Even though he had plans with his wife, Deborah, to attend a concert at Summerfest that day, Kasper said he agreed to meet with her at McDonalds.

“His wife said I was more important than any concert,” said Kasper, describing how for the first time she felt cared for and loved.

Years of therapy have followed and Kasper said, with the help of Franciscan Peacemakers, she lives in her own apartment, with her dog, Francis, and for the first time is at peace in her life.

As she wrapped soaps recently, along with Mojica and volunteer, Joy Stadther, Kasper, calling Deacon Przedpelski and Mojica her family, said she made it through the challenges in her life with the support of Franciscan Peacemakers.

“I went through a lot of bad things there, but I made it through and kept coming here and they encouraged and supported me through everything,” she said.

Volunteer is an inspiration

Kasper noted she gains inspiration from people like Stadther, a volunteer and member of St. Richard Parish, Racine, enrolled in the lay ministry program at Cardinal Stritch University.

“Just seeing her volunteering is therapy for me,” said Kasper of Stadther, explaining, “Seeing what kind of person she is and the things she is doing with her life. I’ve never had really good people in my life and she is helping me to strive to have that.”

Stadther, who will serve as a mentor to women living in Clare Community, worked for a government agency in Washington, D.C., and explained in her work, she read and wrote many reports of horrific abuses.

“I could not do anything but write my reports and make sure people downtown know what was going on in the world, but I resolved when I retired and moved back to Wisconsin, I would try to do something for people on the margins of society in my little corner of the world.”

She learned of Franciscan Peacemakers about 18 months ago and volunteers a couple times a week, helping in the soap-making process, but also going on the streets to minister.

“Another wonderful benefit is I have met such good people who are involved with this like Steve, Carmen and Michele,” said Stadther, adding that as she goes on the streets and delivers lunches, she sees the challenges those who live in poverty face. “I often think to get out of this, they will have to be superhuman.”

After 17 years of working in this ministry, Deacon Przedpelski admitted the work can be depressing.

“Most of the people we work with will die as a result of the streets and people don’t like hearing that, but we call it a success when we have relationships with individuals,” he said, noting on an average week, they distribute 400 to 500 lunches – thanks to support from about 40 parishes – and make contact with 20 or 30 women.
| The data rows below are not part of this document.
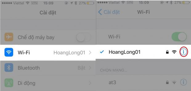 Để thiết lập chặn quảng cáo bạn cần vào Cài đặt > Wi-Fi. Sau đó nhấn vào Chi tiết Wi-Fi.
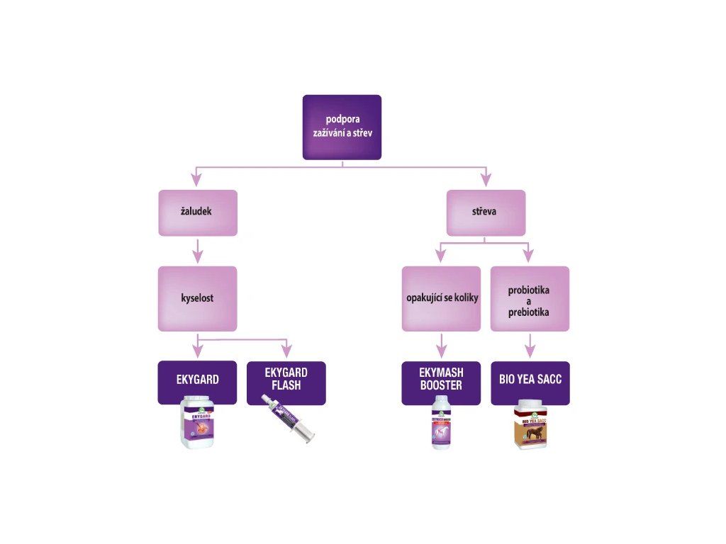 Doporučujeme předcházet období zvýšené žaludeční kyselosti, jako je transport, závody nebo medikace. EKYGARD FLASH podávejte 1–2× denně před a/nebo po období zvýšené kyselosti.
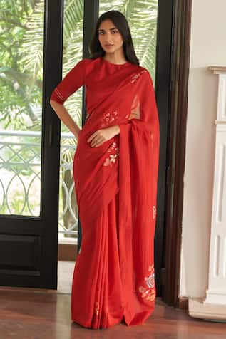 Poppy Embroidered Saree With Unstitched Blouse Piece
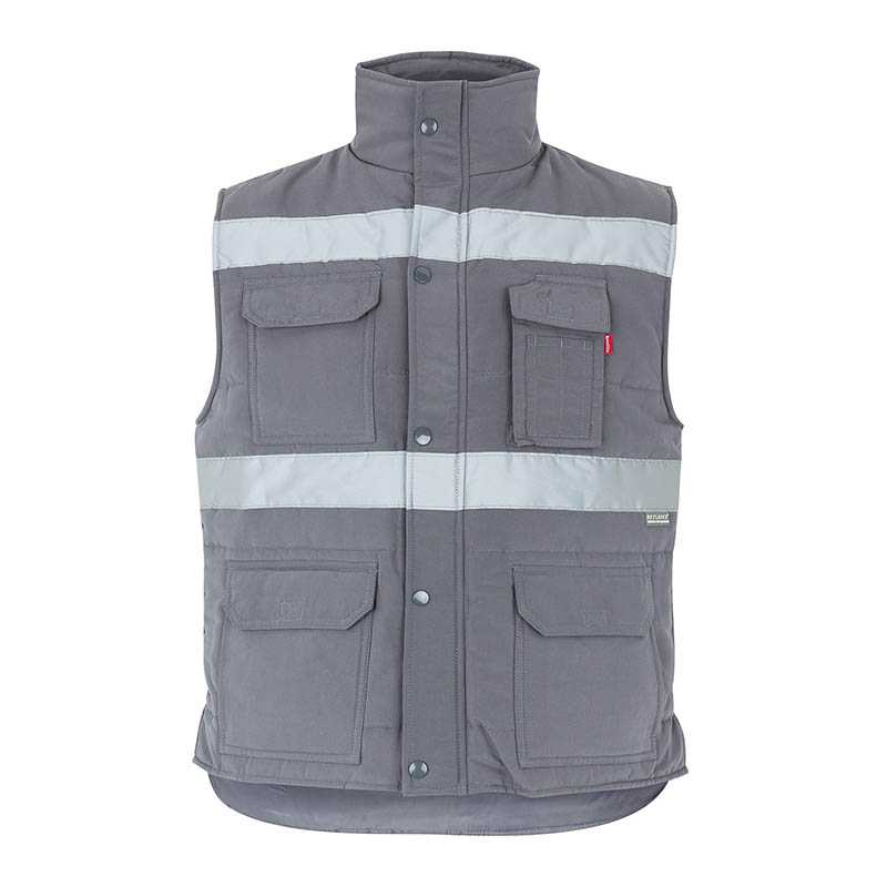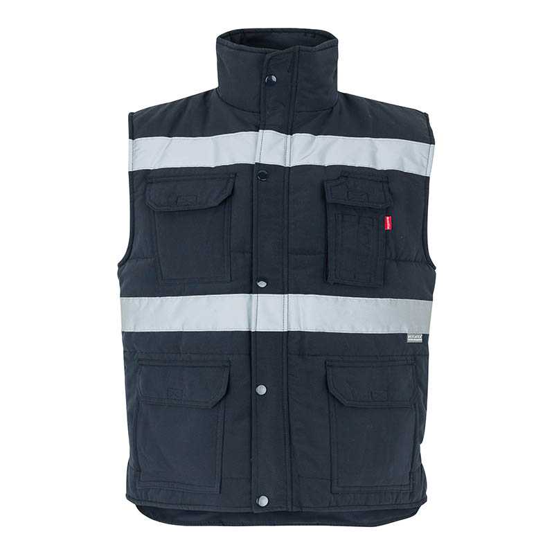 "Soft shell waistcoat waterproof and breathable - 92% Polyester - 8% elastan - Waterproof-6000 mm/H2O - Resistance to moisture g/m2/24h 4000 - Reflective thin band - Covered zippers - One chest pocket with zip and fold-away badge-pocket - Two outside pocke"
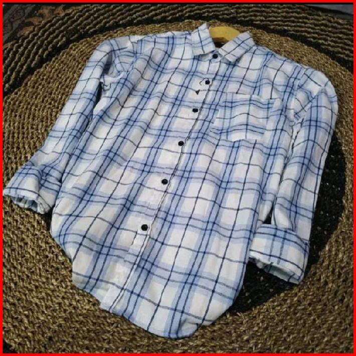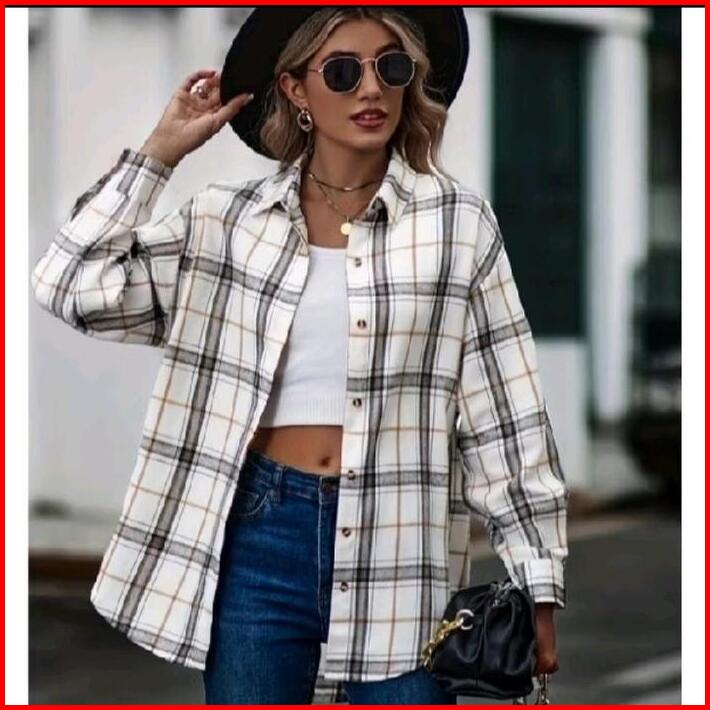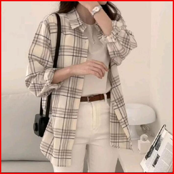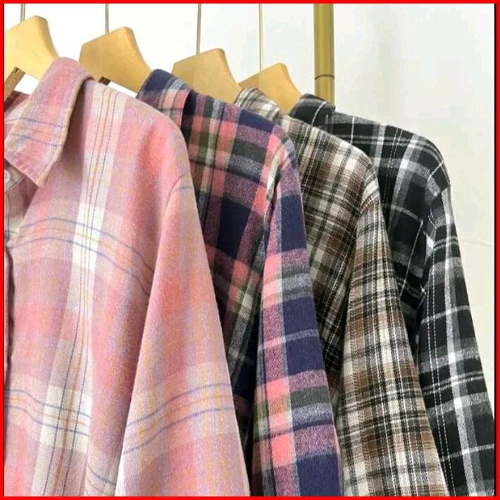 Atasan Wanita Kekinian Kemeja Flanel Lengan Panjang Kotak Casual Baju Cewek Lembut Nyaman
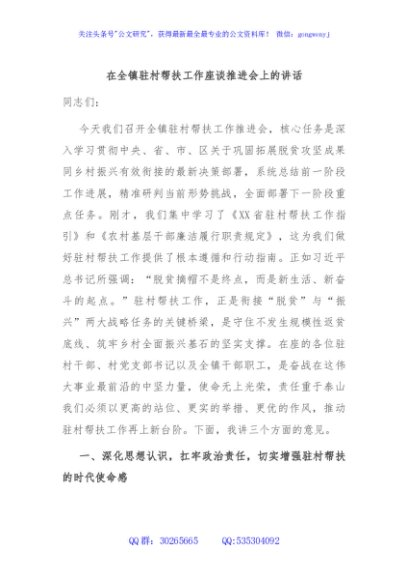/ 在全镇驻村帮扶工作座谈推进会上的讲话
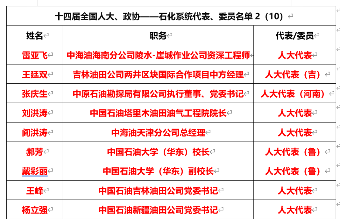 (1)汪東進 中國海油董事長、黨組書記(政協(xié)委員)
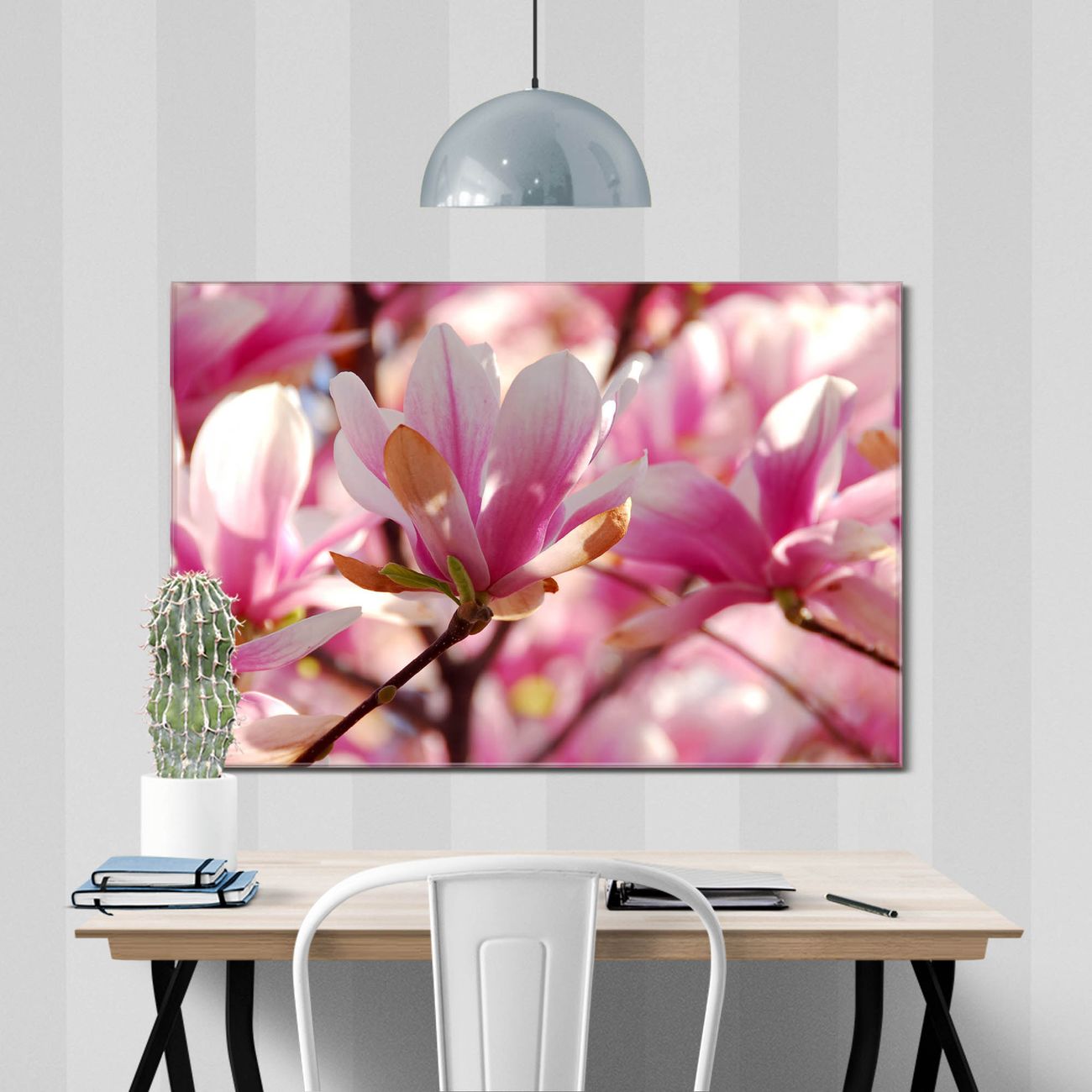 Unsere einzigartigen Glasbilder im Querformat von banjado mit Motiv Magnolia sind der absolute Hingucker! Unsere Banjado Glasbilder sind sehr begehrt, weil sie top verarbeitet sind und sich ganz leicht montieren lassen. Schon mit wenigen Handgriffen hängen sie an der Wand und strahlen mit höchster brillianz. Durch die Ramenlose Herstellung schwebt das Echtglasbild förmlich an der Wand. Das Motiv erscheint besonders ausdrucksstark und hochwertig und ist hinter dem Echtglas geschützt.

With the advent of Gifts for the Journey and the opening of Clare Community, Deacon Przedpelski has reason to be hopeful.

“I feel like today we’re in a position to make a bigger difference than we have,” he said, adding the business “is going way better than anyone anticipated.”

“Across the diocese, there are people from a wide range of the political spectrum who do this work, because of their belief in the Gospel,” he said, adding, like as Pope Francis teaches, they are motivated by following Jesus’ example, not by any political agenda.